Work instruction: The first line of the entries is where the copy starts and the line with "Opt localități din" is where it ends; set down each line exactly, both ends included, and drop pictures.

---+---

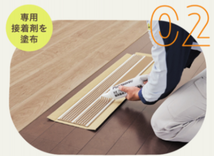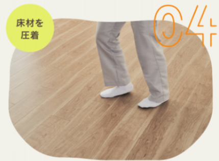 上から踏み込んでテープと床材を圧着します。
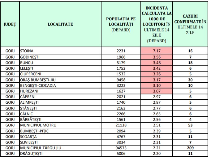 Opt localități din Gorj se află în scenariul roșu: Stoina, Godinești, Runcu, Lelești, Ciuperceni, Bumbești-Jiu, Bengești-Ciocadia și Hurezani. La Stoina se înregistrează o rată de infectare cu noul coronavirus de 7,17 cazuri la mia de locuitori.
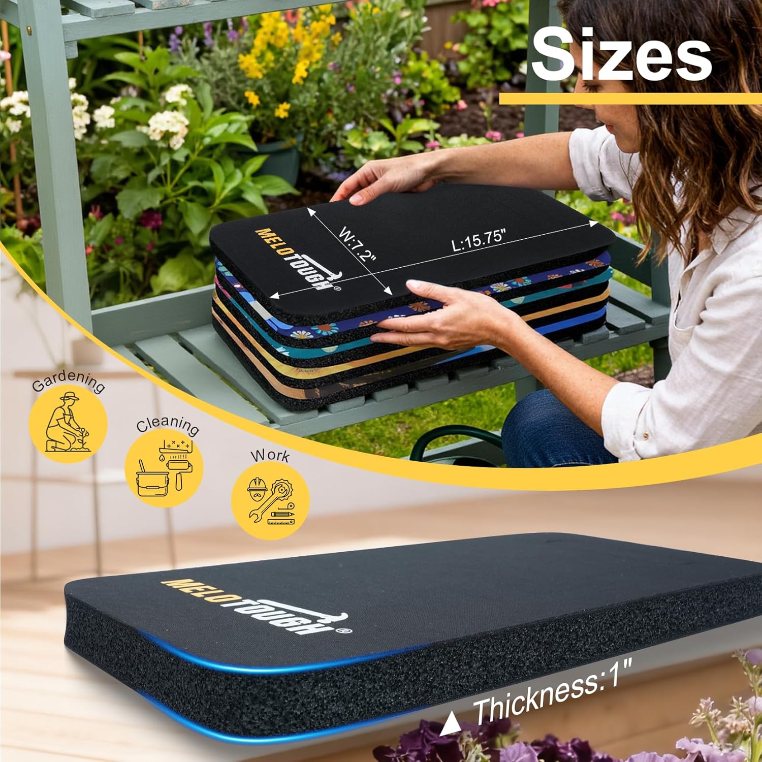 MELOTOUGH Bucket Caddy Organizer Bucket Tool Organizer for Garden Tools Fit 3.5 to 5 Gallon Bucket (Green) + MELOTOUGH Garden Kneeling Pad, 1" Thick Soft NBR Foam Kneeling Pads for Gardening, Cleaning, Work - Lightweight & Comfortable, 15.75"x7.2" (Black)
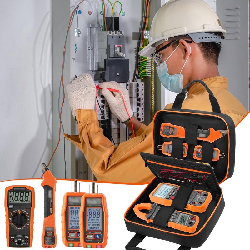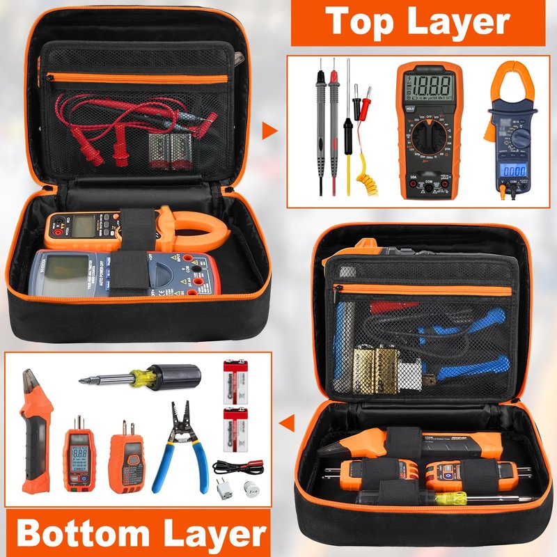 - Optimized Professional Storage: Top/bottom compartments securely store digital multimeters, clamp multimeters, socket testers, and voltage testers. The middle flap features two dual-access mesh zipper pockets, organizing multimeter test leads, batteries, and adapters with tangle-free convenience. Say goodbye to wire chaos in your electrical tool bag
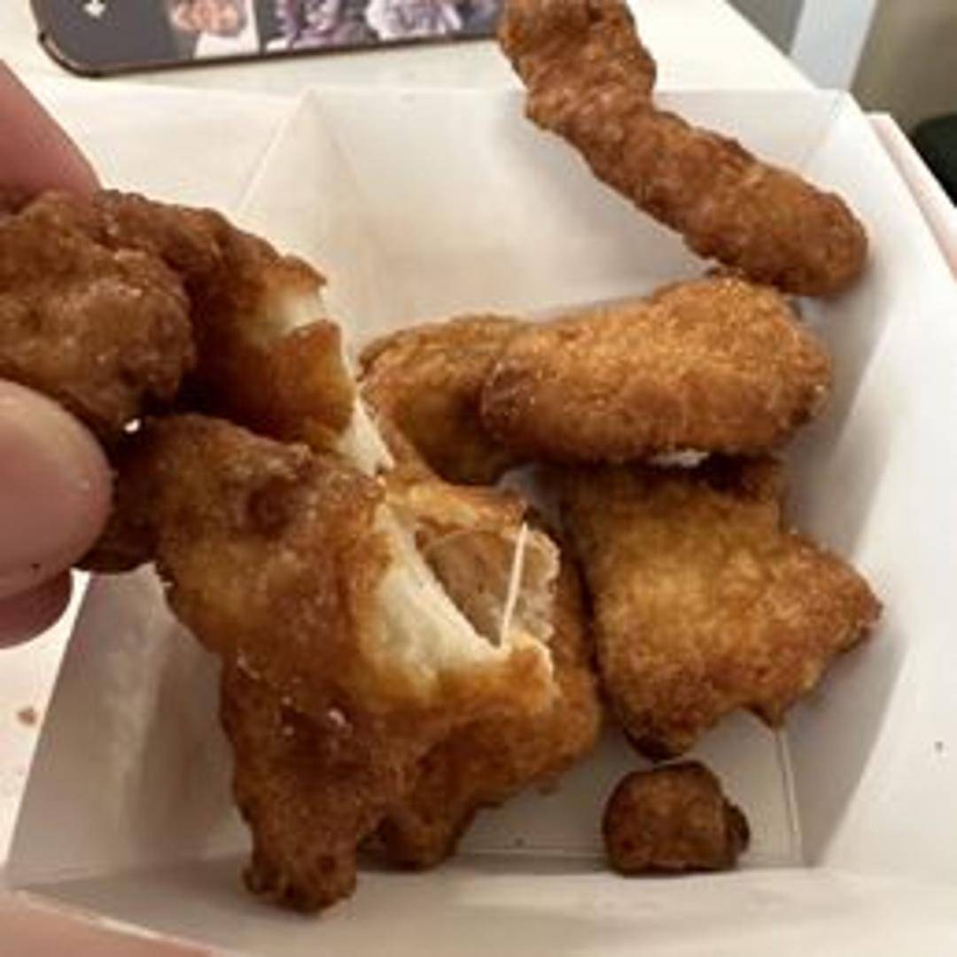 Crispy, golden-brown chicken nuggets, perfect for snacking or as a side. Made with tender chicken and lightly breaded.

---+---

Answer to the exercise:
 上から踏み込んでテープと床材を圧着します。
 Opt localități din Gorj se află în scenariul roșu: Stoina, Godinești, Runcu, Lelești, Ciuperceni, Bumbești-Jiu, Bengești-Ciocadia și Hurezani. La Stoina se înregistrează o rată de infectare cu noul coronavirus de 7,17 cazuri la mia de locuitori.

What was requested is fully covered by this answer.